The government argues there is a better wayand last
month pledged €3.5m-€4m to help children in Greece.
Some of the money will help set up a guardianship
scheme to represent the legal interests of unaccompanied children in Greece.
The government has also promised to fund places in reception centres on the
Greek mainland – although Greek officials have raised questions over when
shelters would be up and running.
A Dutch justice ministry spokesperson said a
memorandum of understanding signed with the Greek government on 18 June
included agreement on sheltering 48 children on the Greek mainland “as soon as
possible, with a total capacity of 500 over three years”.
“It is a more humane solution,” said Bente Becker,
an MP and spokesperson on migration for Rutte’s VVD party. She said this
“structural solution” would dissuade families from putting their lives in the
hands of people smugglers, citing the model of the EU’s 2016 deal with Turkey.
“It should not be a ticket to the Netherlands when
you go to a Greek island,” she said. “What I don’t want to happen is that
parents decide their children should be sent in a rubber boat in the
Mediterranean sea, perhaps endangering their own lives.”
Critics say the government is mistaken if it thinks
it can fix Greece’s asylum system, riddled by accusations of misspent funds and
inadequate processes.
“The Greeks are “not able to solve” the issue, said
Sander Schaap at the Dutch Refugee Council.
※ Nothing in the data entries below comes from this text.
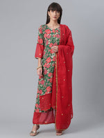 Ahalyaa Women Green Floral Printed Regular Kurta With Palazzos & Dupatta - XS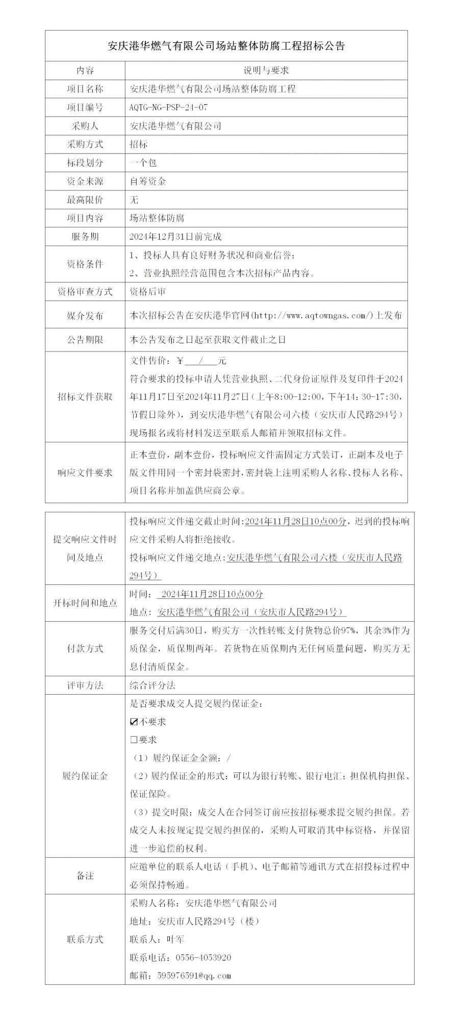 安慶港華燃氣有限公司場站整體防腐工程招標公告 發(fā)布時間:2024-11-15    閱讀次數(shù):4007次
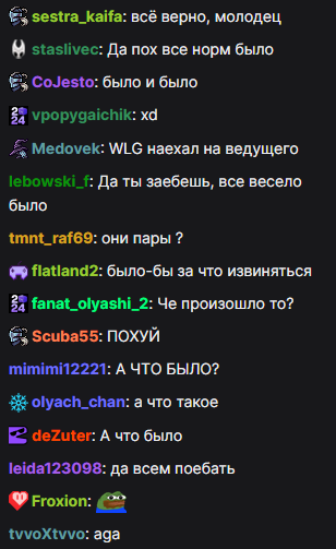 я смотрел стрим уже половину дня. в чате одни и те же ники пишут время от времени буквально типовые, тупые сообщения, в стиле "апхапххпахп" или сообщения с скобочками, будто имитируя каких-то школьников. пиздос. от этих чаттерсов прям крипово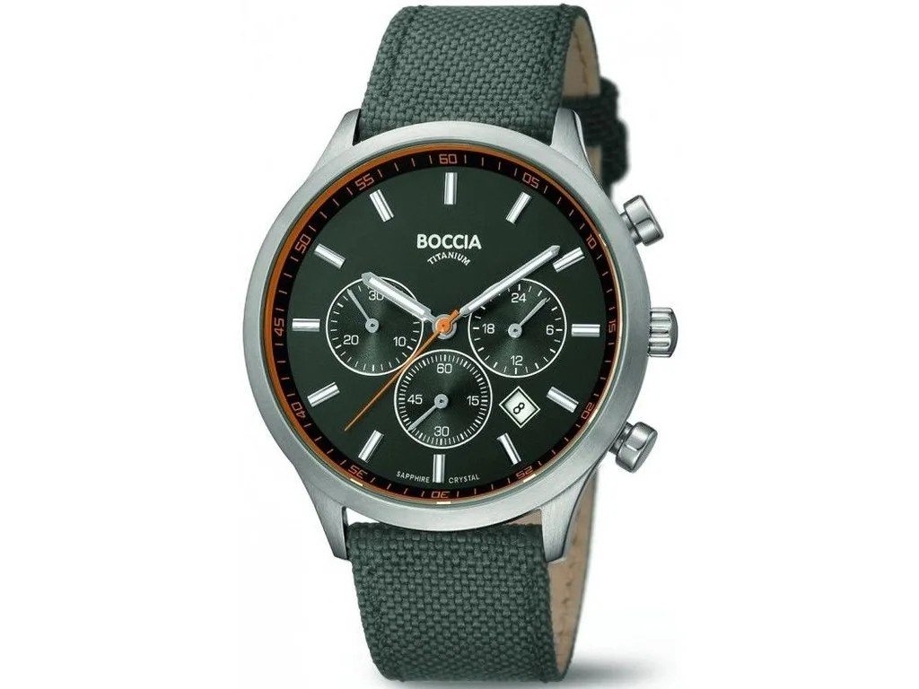 Pánské hodinky Boccia Titanium 3750-01 spojují sportovní eleganci s mimořádnou lehkostí a trvanlivostí. Jejich kulaté titanové pouzdro o průměru 40 mm je doplněno lunetou z leštěného titanu, která dodává hodinkám decentní lesk a sofistikovaný vzhled. Díky použití titanu jsou hodinky hypoalergenní, lehké a extrémně odolné vůči opotřebení.

He described the plan to shelter
children in Greece as “naive”. The government plan, Schaap contended, is
“mostly an attempt to find a political solution to a political problem in the
governing coalition”.
Dutch politicians have been taking more restrictive
positions on migration since the 1990s, said Saskia Bonjour, a political
scientist at the University of Amsterdam. That tendency was reinforced by the
country’s “strong radical right presence”, from Pim Fortuyn to Geert Wilders
and Thierry Baudet. “There is a strong tendency in Dutch politics in general
and on the mainstream right in particular to interpret the potential electoral
success of the radical right as [meaning] general concerns aren’t being heard.”